May  5 09:13:28 ospha2 cibadmin[41188]:   notice: crm_log_args: Invoked: /usr/sbin/cibadmin -o constraints -R --xml-text <constraints>#012  <rsc_order first="fs-varlibmysql" first-action="start" id="order-fs-varlibmysql-mysql-ostk-mysql-mandatory" then="mysql-ostk-mysql" then-action="start"/>#012  <rsc_order first="lsb-openstack-nova-consoleauth-clone" first-action="start" id="order-lsb-openstack-nova-consoleauth-clone-lsb-openstack-nova-novncproxy-clone-mandatory" then="lsb-openstack-nova-novncproxy-clone" then-action="start"/>#012<rsc_order first="lsb-


The rhel 6.5 version of pacemaker does not handle this situation well.  The end result here is that after some pacemaker component failures the cib is corrupted. Two identical cib entries for the same rsc_order constraint make their way into the cib, which appears to prevent the nodes from recovering.

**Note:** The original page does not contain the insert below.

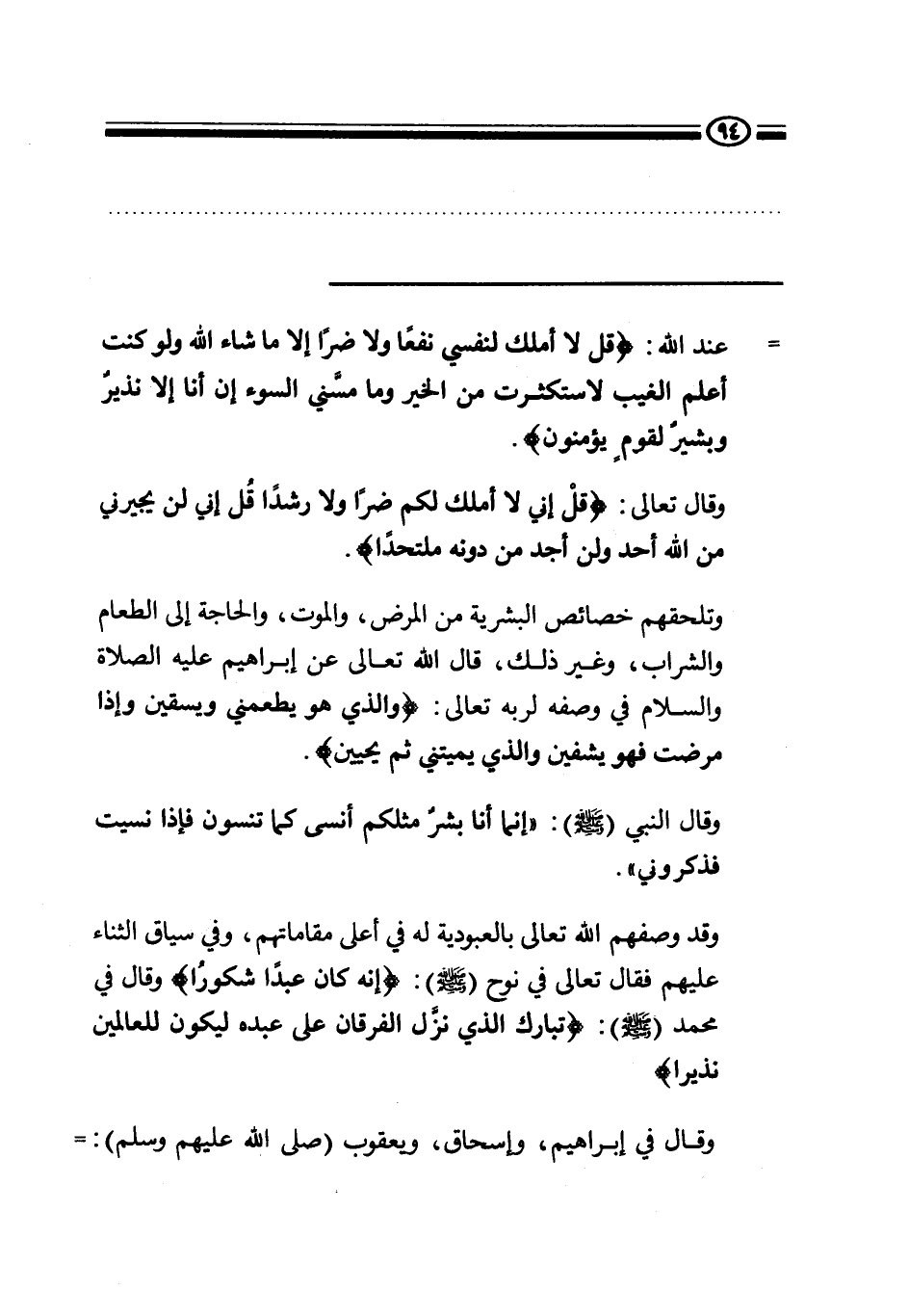 وتلحقهم خصائص البشرية من المرض، والموت، والحاجة إلى الطعام والشراب، وغير ذلك، قال الله تعالى عن إبراهيم عليه الصلاة والسلام في وصفه لربه تعالى: {وَالَّذِي هُوَ يُطْعِمُنِي وَيَسْقِينِ وَإِذَا مَرِضْتُ فَهُوَ يَشْفِينِ وَالَّذِي يُمِيتُنِي ثُمَّ يُحْيِينِ} .

This issue has been addressed upstream already. Cib writes are now executed in cpg order across cluster-nodes which will prevent nodes from stomping on each other like this.

The work-around for this issue is to avoid executing synced pcs commands that involve cib writes (like resource creation and constraint creation).

-- Vossel

Comment 3 Andrew Beekhof 2014-05-06 00:05:51 UTC

This is the patch I'll be testing:

diff --git a/lib/cib/cib_utils.c b/lib/cib/cib_utils.c
index 8791eab..024dfc3 100644
--- a/lib/cib/cib_utils.c
+++ b/lib/cib/cib_utils.c
@@ -506,8 +506,12 @@ cib_perform_op(const char *op, int call_options, cib_op_t * fn, gboolean is_quer
         if (dtd_throttle++ % 20) {
             /* Throttle the amount of costly validation we perform due to slave updates.
              * The master already validated it...
+             *
+             * But since people are trying to run the same commands
+             * concurrently on multiple hosts, it is only safe to do
+             * this for status updates
              */
-            check_dtd = FALSE;
+            check_dtd = *config_changed;
         }
 
     } else if (is_set(call_options, cib_inhibit_bcast) && safe_str_eq(section, XML_CIB_TAG_STATUS)) {

Comment 4 Andrew Beekhof 2014-05-06 05:18:58 UTC

Scratch build if anyone else would like to test too:
   http://brewweb.devel.redhat.com/brew/taskinfo?taskID=7419459

Comment 5 Andrew Beekhof 2014-10-23 03:53:37 UTC

6.6 includes changes that prevent this problem from occurring anymore. Closing.